Given the result you have stated, if $M, N$ are two surfaces and $\gamma:[0, 1]\to\mathbb R^n$ be the minimizing curve connecting $M, N$, with $\gamma(0)\in M$ and $\gamma(1)\in N$. Then in particular $\gamma$ is a minimizing curve from $\gamma(0)$ to $N$, so it is perpendicular to $N$ by the result that you have stated; similarly it is perpendicular to $M$.
In fact, it is true in a much more general case:
Let $X$ be a Riemannian manifold, $M, N$ submanifolds of $X$, if $\gamma$ is the shortest curve between $M$ and $N$, then $\gamma$ is perpendicular to both $M, N$.
I will outline a proof in the case of $\mathbb R^n$, which can be generalized to any Riemannian manifolds.

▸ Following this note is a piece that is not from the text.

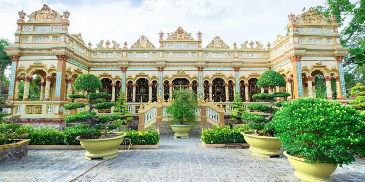 永長寺建於19世紀初,距今已有100多年的曆史,在距離西貢不遠的美拖市。永長寺是當地最著名的寺廟之一,在寺內供有數百年高僧的肉身。除此之外,在殿堂裡也供奉佛像,在院子裡也供奉著佛祖、彌勒和觀音的巨型塑像。

Same setup as above: Suppose $\gamma$ is not perpendicular to $N$ at $\gamma(1)$, then we may find a tangent vector $\vec v\in T_{\gamma(1)}N$ such that $\langle \vec v, \gamma'(1)\rangle>0$. We may find a variation of $\gamma$, i.e. a smooth family of curves, $\alpha:[0, 1]\times(-\varepsilon,\varepsilon)\to\mathbb R^n$ such that $\alpha(t, 0)=\gamma(t)$, $\alpha(0, s) =\gamma(0)\in M$, $\alpha(1,s)\in N$ and $\partial_s \alpha(1,0)=\vec v$. We may think of this as a family of curves connecting $M, N$: $\gamma_s(t) =\alpha(t, s)$. Consider the lengths $L(s) =\int_0^1 |\partial_t\alpha(t, s)|dt$. $$\begin{align} \frac{d}{ds} L(s) & =\int_0^1\frac {\langle\partial_{st} \alpha, \partial_t\alpha\rangle} {|\partial_t\alpha|}dt\\&=\int_0^1 \frac{\partial_t\langle \partial_s\alpha,\partial_t\alpha\rangle-\langle\partial_s\alpha, \partial_{tt} \alpha\rangle}{|\partial_t\alpha|}dt\end{align} $$
Now here we may assume $\gamma$ is parametrized proportional to arclength $|\partial_t\gamma|=\ell$, and also $\alpha(t, 0)=\gamma(t)$ is a geodesic $\partial_{tt}\alpha(t, s)|_{s=0}=0$. So evaluating $\frac{d}{ds} L(s)|_{s=0}$, we get $$L'(0)=\frac 1\ell\langle\partial_t\alpha, \partial_s\alpha\rangle |_0^1=\frac 1\ell \langle \gamma'(0), \vec v\rangle <0$$
So near $s=0$, when $s$ increases, the length decreases, which contradicts with the fact that $\gamma$ minimizes the length between $M, N$. So $\gamma$ must be perpendicular to $N$.
The proof in the case of Riemannian manifold is almost exactly the same. With the partial derivatives replaced by connection, and inner product is given by the Riemannian metric.